1. modtest: A ~927 m resolution satellite-derived image:
nrow        : 141
ncol        : 189
ncell       : 26649
min value   : ?
max value   : ?
projection  : +proj=aea +lat_1=-18 +lat_2=-32 +lat_0=0 +lon_0=24
+x_0=0 +y_0=0 +ellps=WGS84 +datum=WGS84 +units=m +no_defs
+towgs84=0,0,0
xmin        : 415851.2
xmax        : 590983.4
ymin        : -2670093
ymax        : -2539439
xres        : 926.6254
yres        : 926.6254

2. lt.q.test: a ~92 m resolution grid representing identifiers for
unique climate-soil combinations:
nrow        : 1403
ncol        : 1878
ncell       : 2634834
min value   : ?
max value   : ?
projection  : +proj=aea +lat_1=-18 +lat_2=-32 +lat_0=0 +lon_0=24
+x_0=0 +y_0=0 +ellps=WGS84 +datum=WGS84 +units=m +no_defs
+towgs84=0,0,0
xmin        : 415926.7
xmax        : 590091.6
ymin        : -2670093
ymax        : -2539979
xres        : 92.73961
yres        : 92.73961

3. sum.stats: A dataframe within a list with several variables
relating to outputs from a crop simulations, and one variable
containing values corresponding to the identifiers in yld.test.

My task is to
1. assign crop yield values from sum.stats to lt.q.test
2. resample the result of 1 to the resolution of modtest, so that the
images are lined up, and so that the yield values in yld.test are
averaged/aggregated to modtest's resolution.

The solution I have come up with so far is:

library(raster)

lt.q.test <- raster(paste(path.in, "lt_quin_test1.img", sep = ""))

# Assign values from sum.stats (in y.mn column) to yld.test,
outputting values as integers.
setwd(path.out)
subs(lt.q.test, sum.stats[[1]], by = "VALUE", which = "y.mn",
subsWithNA = TRUE,
                 filename = "yld.rst4.img", format = 'HFA', datatype = "INT2S")

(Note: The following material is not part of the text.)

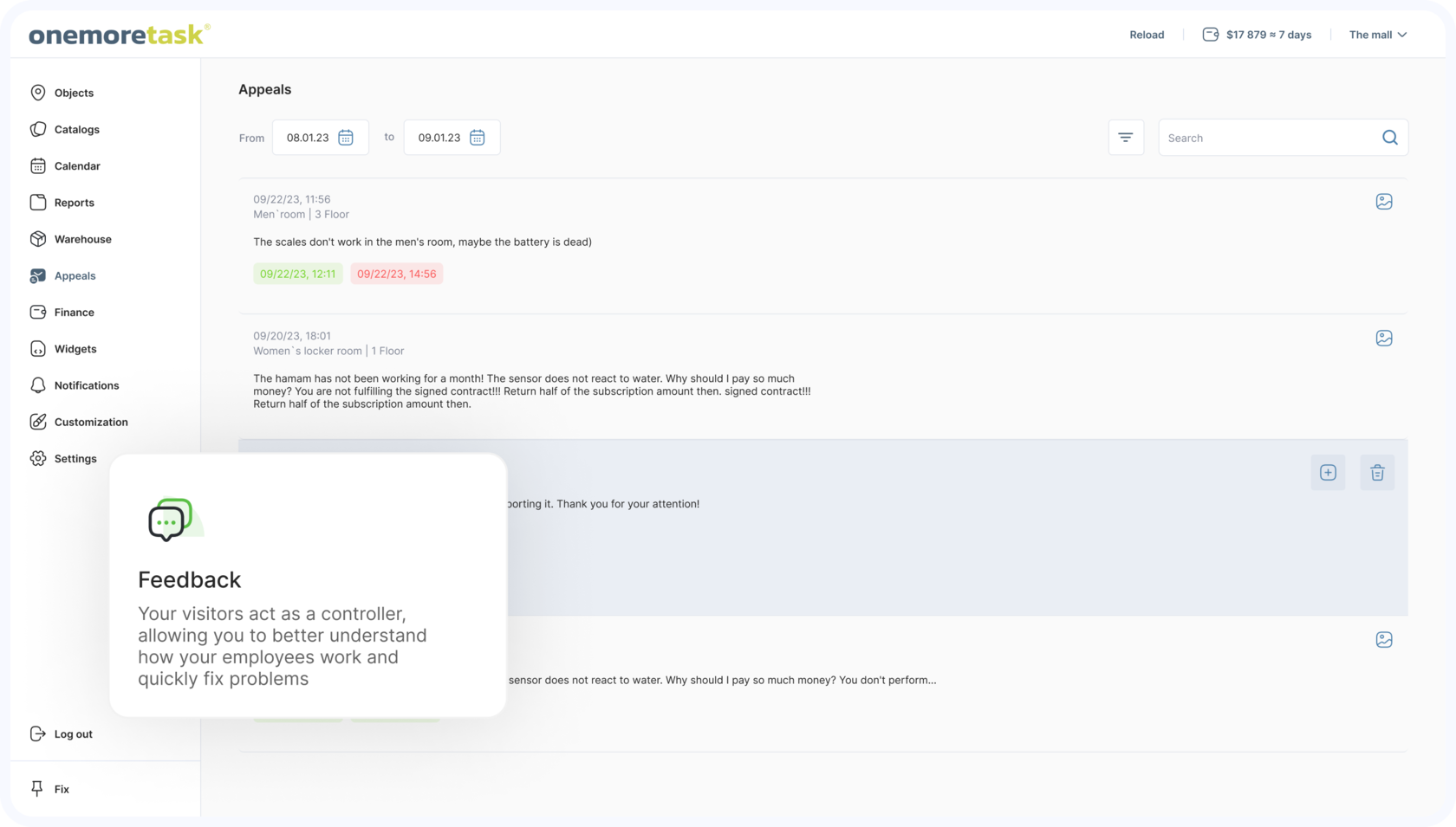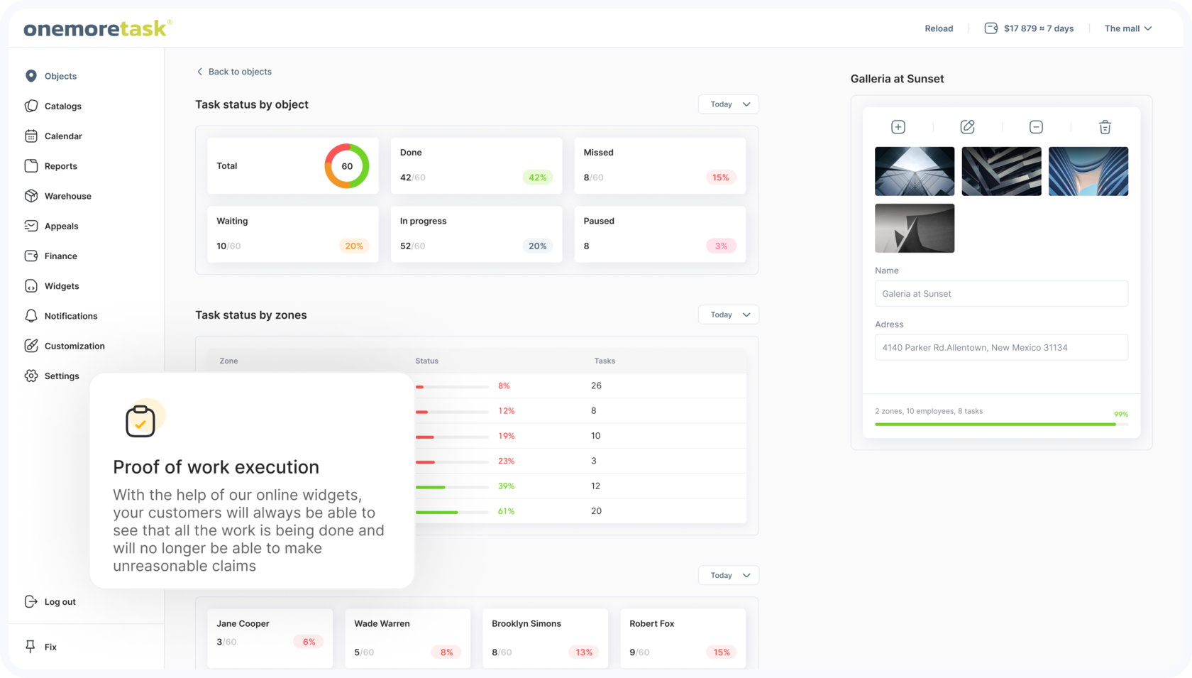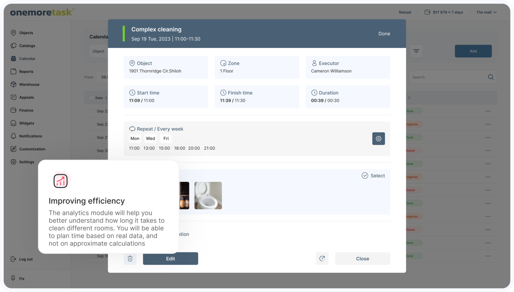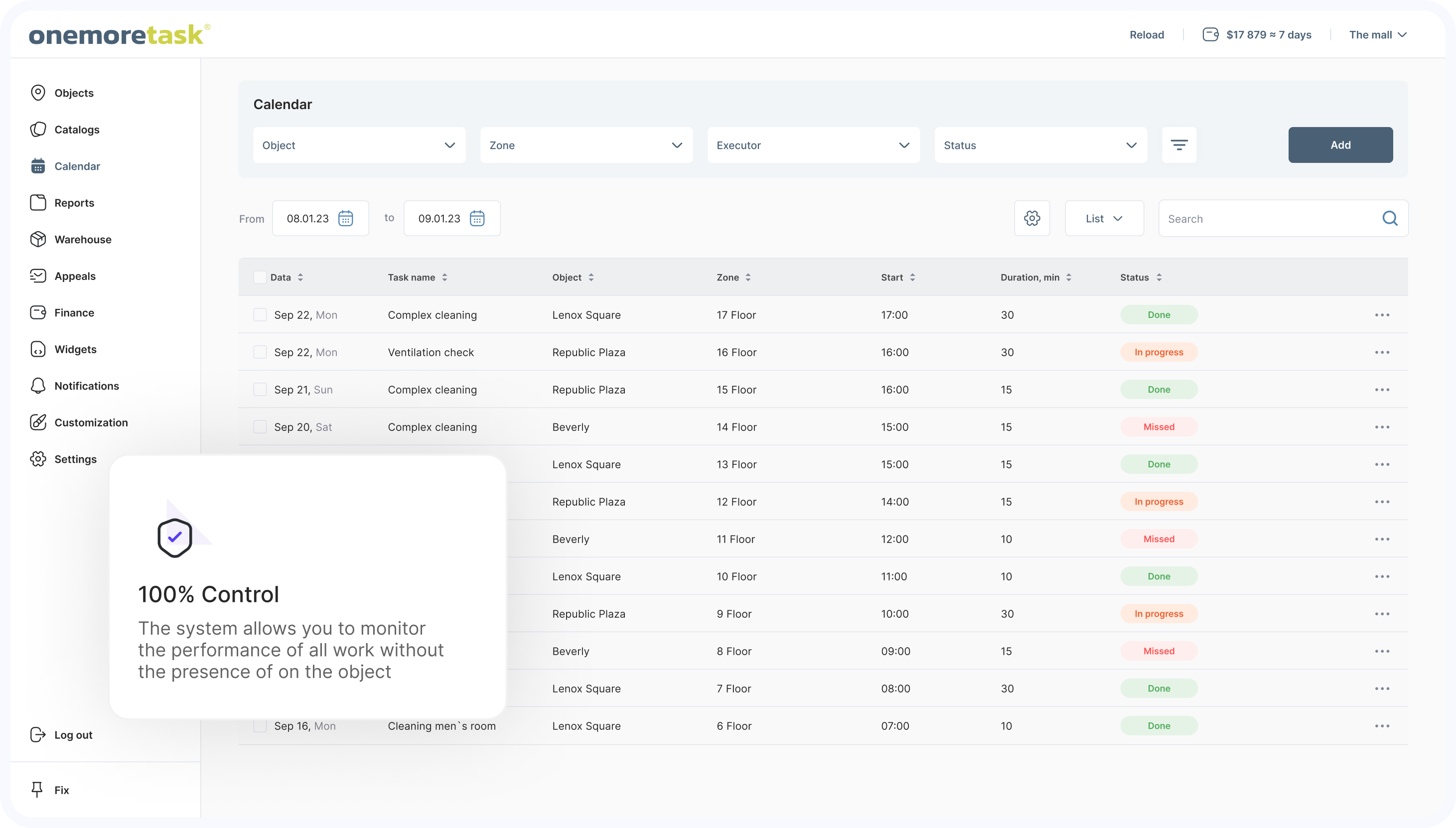 The manager in his application or in the computer sees the completion of all tasks by all employees at all their facilities

# Resample yld.test to resolution of modtest
yld.test <- raster("yld.rst4.img")
modtest <- raster("MOD_SA_NDVI_amp_albers_test.img")
resample(yld.test, modtest, method = "bilinear", filename =
"yld.resamp.test.img", datatype = "INT2S",
         format = "HFA")  # This seems to work

The above is performed on fairly small test datasets, and I must now
apply this approach multiple times to the full size versions of the
input datasets, where the dimensions of lt.q.test are:

nrow        : 15170
ncol        : 17364
ncell       : 263411880

and modtest's dimensions are:

nrow        : 1651
ncol        : 1937
ncell       : 3197987

I was thus wondering if there is a more efficient approach that I
should adopt, or if there are any other
concerns of which I should be aware?

Thanks in advance for any advice.

Cheers, Lyndon